● **GOAL OF THE EXERCISE**:
Output every record exactly, and nothing more.

======== RECORDED INFORMATION

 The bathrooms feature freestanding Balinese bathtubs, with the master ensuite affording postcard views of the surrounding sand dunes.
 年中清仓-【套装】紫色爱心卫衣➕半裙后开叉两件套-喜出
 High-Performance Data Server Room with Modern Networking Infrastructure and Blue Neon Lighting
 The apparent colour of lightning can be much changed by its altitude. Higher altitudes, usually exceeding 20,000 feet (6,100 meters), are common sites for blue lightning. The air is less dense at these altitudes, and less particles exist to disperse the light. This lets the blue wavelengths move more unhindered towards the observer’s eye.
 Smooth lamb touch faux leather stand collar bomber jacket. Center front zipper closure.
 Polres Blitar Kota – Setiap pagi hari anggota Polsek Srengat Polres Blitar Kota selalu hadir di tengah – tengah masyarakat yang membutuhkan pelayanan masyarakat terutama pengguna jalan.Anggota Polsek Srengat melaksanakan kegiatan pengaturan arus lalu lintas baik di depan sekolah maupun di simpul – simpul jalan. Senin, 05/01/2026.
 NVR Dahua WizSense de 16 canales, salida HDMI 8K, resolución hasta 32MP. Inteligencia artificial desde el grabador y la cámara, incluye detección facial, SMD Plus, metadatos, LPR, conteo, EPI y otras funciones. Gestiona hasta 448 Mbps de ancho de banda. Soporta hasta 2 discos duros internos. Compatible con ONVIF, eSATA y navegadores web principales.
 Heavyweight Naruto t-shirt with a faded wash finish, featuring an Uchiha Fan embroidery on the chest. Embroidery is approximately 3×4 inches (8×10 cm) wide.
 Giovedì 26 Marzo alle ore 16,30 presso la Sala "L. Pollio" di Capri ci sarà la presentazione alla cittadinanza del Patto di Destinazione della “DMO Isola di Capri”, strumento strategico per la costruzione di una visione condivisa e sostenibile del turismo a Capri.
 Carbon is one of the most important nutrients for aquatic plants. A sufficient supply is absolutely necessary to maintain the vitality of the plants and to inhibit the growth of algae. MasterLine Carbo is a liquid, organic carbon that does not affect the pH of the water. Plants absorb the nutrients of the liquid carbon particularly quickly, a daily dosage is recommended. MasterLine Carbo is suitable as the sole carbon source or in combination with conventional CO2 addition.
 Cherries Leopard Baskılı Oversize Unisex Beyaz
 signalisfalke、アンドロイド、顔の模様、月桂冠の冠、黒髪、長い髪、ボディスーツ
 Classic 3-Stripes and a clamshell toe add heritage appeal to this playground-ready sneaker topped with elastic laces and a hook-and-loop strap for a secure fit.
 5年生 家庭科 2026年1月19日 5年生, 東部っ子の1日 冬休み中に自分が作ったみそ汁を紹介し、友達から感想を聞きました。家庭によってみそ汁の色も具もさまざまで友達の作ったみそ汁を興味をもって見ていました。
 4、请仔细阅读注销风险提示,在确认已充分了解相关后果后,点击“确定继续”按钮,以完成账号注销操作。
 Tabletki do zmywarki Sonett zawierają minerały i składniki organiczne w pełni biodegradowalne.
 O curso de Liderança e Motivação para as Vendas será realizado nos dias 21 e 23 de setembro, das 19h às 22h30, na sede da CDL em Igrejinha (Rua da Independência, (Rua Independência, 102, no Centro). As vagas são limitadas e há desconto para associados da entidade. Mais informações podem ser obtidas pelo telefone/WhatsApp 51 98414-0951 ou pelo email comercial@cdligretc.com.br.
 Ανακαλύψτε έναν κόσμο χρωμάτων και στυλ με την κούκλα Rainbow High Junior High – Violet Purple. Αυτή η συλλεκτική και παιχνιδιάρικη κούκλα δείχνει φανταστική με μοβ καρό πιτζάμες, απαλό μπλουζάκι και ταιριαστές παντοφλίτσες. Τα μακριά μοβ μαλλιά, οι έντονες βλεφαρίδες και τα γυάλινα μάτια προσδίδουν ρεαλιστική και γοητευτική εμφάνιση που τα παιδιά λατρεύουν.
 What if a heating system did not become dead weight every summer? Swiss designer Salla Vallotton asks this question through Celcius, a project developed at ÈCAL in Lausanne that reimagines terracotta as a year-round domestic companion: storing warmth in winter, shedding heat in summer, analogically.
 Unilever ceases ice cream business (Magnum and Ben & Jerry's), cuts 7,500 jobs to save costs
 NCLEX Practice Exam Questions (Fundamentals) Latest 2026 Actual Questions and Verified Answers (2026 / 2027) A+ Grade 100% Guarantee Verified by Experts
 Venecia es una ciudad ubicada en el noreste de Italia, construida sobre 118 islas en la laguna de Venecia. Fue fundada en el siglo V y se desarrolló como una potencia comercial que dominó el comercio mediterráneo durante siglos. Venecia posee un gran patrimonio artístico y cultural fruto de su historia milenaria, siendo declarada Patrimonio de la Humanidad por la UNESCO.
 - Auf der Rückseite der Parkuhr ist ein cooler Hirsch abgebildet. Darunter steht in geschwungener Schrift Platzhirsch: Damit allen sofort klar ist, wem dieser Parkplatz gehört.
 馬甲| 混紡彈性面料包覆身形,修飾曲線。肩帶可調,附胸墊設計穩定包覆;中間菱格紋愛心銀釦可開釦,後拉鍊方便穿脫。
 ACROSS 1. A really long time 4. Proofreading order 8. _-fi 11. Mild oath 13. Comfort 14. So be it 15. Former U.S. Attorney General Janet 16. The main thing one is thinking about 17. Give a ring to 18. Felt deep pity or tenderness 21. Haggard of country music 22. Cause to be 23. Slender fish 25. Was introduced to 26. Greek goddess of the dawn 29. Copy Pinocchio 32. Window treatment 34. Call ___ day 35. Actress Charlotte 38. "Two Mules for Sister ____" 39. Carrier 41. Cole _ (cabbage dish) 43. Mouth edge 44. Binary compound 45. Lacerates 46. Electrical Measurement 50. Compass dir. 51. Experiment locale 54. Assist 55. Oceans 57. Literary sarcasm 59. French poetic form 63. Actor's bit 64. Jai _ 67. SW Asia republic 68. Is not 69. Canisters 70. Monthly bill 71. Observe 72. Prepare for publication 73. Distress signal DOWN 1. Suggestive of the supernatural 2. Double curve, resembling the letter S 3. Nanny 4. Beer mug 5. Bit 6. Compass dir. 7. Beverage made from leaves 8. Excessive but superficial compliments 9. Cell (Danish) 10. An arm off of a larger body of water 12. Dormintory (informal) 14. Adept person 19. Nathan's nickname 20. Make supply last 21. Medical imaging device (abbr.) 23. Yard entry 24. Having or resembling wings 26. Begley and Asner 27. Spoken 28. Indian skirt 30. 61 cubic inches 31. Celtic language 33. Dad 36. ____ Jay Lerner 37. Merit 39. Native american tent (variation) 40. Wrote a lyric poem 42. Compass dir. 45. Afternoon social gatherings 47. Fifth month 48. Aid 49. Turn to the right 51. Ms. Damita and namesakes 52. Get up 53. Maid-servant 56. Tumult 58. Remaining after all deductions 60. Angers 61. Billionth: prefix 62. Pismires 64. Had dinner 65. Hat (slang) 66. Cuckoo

================

● **TASK ANSWER**:
 The bathrooms feature freestanding Balinese bathtubs, with the master ensuite affording postcard views of the surrounding sand dunes.
 年中清仓-【套装】紫色爱心卫衣➕半裙后开叉两件套-喜出
 High-Performance Data Server Room with Modern Networking Infrastructure and Blue Neon Lighting
 The apparent colour of lightning can be much changed by its altitude. Higher altitudes, usually exceeding 20,000 feet (6,100 meters), are common sites for blue lightning. The air is less dense at these altitudes, and less particles exist to disperse the light. This lets the blue wavelengths move more unhindered towards the observer’s eye.
 Smooth lamb touch faux leather stand collar bomber jacket. Center front zipper closure.
 Polres Blitar Kota – Setiap pagi hari anggota Polsek Srengat Polres Blitar Kota selalu hadir di tengah – tengah masyarakat yang membutuhkan pelayanan masyarakat terutama pengguna jalan.Anggota Polsek Srengat melaksanakan kegiatan pengaturan arus lalu lintas baik di depan sekolah maupun di simpul – simpul jalan. Senin, 05/01/2026.
 NVR Dahua WizSense de 16 canales, salida HDMI 8K, resolución hasta 32MP. Inteligencia artificial desde el grabador y la cámara, incluye detección facial, SMD Plus, metadatos, LPR, conteo, EPI y otras funciones. Gestiona hasta 448 Mbps de ancho de banda. Soporta hasta 2 discos duros internos. Compatible con ONVIF, eSATA y navegadores web principales.
 Heavyweight Naruto t-shirt with a faded wash finish, featuring an Uchiha Fan embroidery on the chest. Embroidery is approximately 3×4 inches (8×10 cm) wide.
 Giovedì 26 Marzo alle ore 16,30 presso la Sala "L. Pollio" di Capri ci sarà la presentazione alla cittadinanza del Patto di Destinazione della “DMO Isola di Capri”, strumento strategico per la costruzione di una visione condivisa e sostenibile del turismo a Capri.
 Carbon is one of the most important nutrients for aquatic plants. A sufficient supply is absolutely necessary to maintain the vitality of the plants and to inhibit the growth of algae. MasterLine Carbo is a liquid, organic carbon that does not affect the pH of the water. Plants absorb the nutrients of the liquid carbon particularly quickly, a daily dosage is recommended. MasterLine Carbo is suitable as the sole carbon source or in combination with conventional CO2 addition.
 Cherries Leopard Baskılı Oversize Unisex Beyaz
 signalisfalke、アンドロイド、顔の模様、月桂冠の冠、黒髪、長い髪、ボディスーツ
 Classic 3-Stripes and a clamshell toe add heritage appeal to this playground-ready sneaker topped with elastic laces and a hook-and-loop strap for a secure fit.
 5年生 家庭科 2026年1月19日 5年生, 東部っ子の1日 冬休み中に自分が作ったみそ汁を紹介し、友達から感想を聞きました。家庭によってみそ汁の色も具もさまざまで友達の作ったみそ汁を興味をもって見ていました。
 4、请仔细阅读注销风险提示,在确认已充分了解相关后果后,点击“确定继续”按钮,以完成账号注销操作。
 Tabletki do zmywarki Sonett zawierają minerały i składniki organiczne w pełni biodegradowalne.
 O curso de Liderança e Motivação para as Vendas será realizado nos dias 21 e 23 de setembro, das 19h às 22h30, na sede da CDL em Igrejinha (Rua da Independência, (Rua Independência, 102, no Centro). As vagas são limitadas e há desconto para associados da entidade. Mais informações podem ser obtidas pelo telefone/WhatsApp 51 98414-0951 ou pelo email comercial@cdligretc.com.br.
 Ανακαλύψτε έναν κόσμο χρωμάτων και στυλ με την κούκλα Rainbow High Junior High – Violet Purple. Αυτή η συλλεκτική και παιχνιδιάρικη κούκλα δείχνει φανταστική με μοβ καρό πιτζάμες, απαλό μπλουζάκι και ταιριαστές παντοφλίτσες. Τα μακριά μοβ μαλλιά, οι έντονες βλεφαρίδες και τα γυάλινα μάτια προσδίδουν ρεαλιστική και γοητευτική εμφάνιση που τα παιδιά λατρεύουν.
 What if a heating system did not become dead weight every summer? Swiss designer Salla Vallotton asks this question through Celcius, a project developed at ÈCAL in Lausanne that reimagines terracotta as a year-round domestic companion: storing warmth in winter, shedding heat in summer, analogically.
 Unilever ceases ice cream business (Magnum and Ben & Jerry's), cuts 7,500 jobs to save costs
 NCLEX Practice Exam Questions (Fundamentals) Latest 2026 Actual Questions and Verified Answers (2026 / 2027) A+ Grade 100% Guarantee Verified by Experts
 Venecia es una ciudad ubicada en el noreste de Italia, construida sobre 118 islas en la laguna de Venecia. Fue fundada en el siglo V y se desarrolló como una potencia comercial que dominó el comercio mediterráneo durante siglos. Venecia posee un gran patrimonio artístico y cultural fruto de su historia milenaria, siendo declarada Patrimonio de la Humanidad por la UNESCO.
 - Auf der Rückseite der Parkuhr ist ein cooler Hirsch abgebildet. Darunter steht in geschwungener Schrift Platzhirsch: Damit allen sofort klar ist, wem dieser Parkplatz gehört.
 馬甲| 混紡彈性面料包覆身形,修飾曲線。肩帶可調,附胸墊設計穩定包覆;中間菱格紋愛心銀釦可開釦,後拉鍊方便穿脫。
 ACROSS 1. A really long time 4. Proofreading order 8. _-fi 11. Mild oath 13. Comfort 14. So be it 15. Former U.S. Attorney General Janet 16. The main thing one is thinking about 17. Give a ring to 18. Felt deep pity or tenderness 21. Haggard of country music 22. Cause to be 23. Slender fish 25. Was introduced to 26. Greek goddess of the dawn 29. Copy Pinocchio 32. Window treatment 34. Call ___ day 35. Actress Charlotte 38. "Two Mules for Sister ____" 39. Carrier 41. Cole _ (cabbage dish) 43. Mouth edge 44. Binary compound 45. Lacerates 46. Electrical Measurement 50. Compass dir. 51. Experiment locale 54. Assist 55. Oceans 57. Literary sarcasm 59. French poetic form 63. Actor's bit 64. Jai _ 67. SW Asia republic 68. Is not 69. Canisters 70. Monthly bill 71. Observe 72. Prepare for publication 73. Distress signal DOWN 1. Suggestive of the supernatural 2. Double curve, resembling the letter S 3. Nanny 4. Beer mug 5. Bit 6. Compass dir. 7. Beverage made from leaves 8. Excessive but superficial compliments 9. Cell (Danish) 10. An arm off of a larger body of water 12. Dormintory (informal) 14. Adept person 19. Nathan's nickname 20. Make supply last 21. Medical imaging device (abbr.) 23. Yard entry 24. Having or resembling wings 26. Begley and Asner 27. Spoken 28. Indian skirt 30. 61 cubic inches 31. Celtic language 33. Dad 36. ____ Jay Lerner 37. Merit 39. Native american tent (variation) 40. Wrote a lyric poem 42. Compass dir. 45. Afternoon social gatherings 47. Fifth month 48. Aid 49. Turn to the right 51. Ms. Damita and namesakes 52. Get up 53. Maid-servant 56. Tumult 58. Remaining after all deductions 60. Angers 61. Billionth: prefix 62. Pismires 64. Had dinner 65. Hat (slang) 66. Cuckoo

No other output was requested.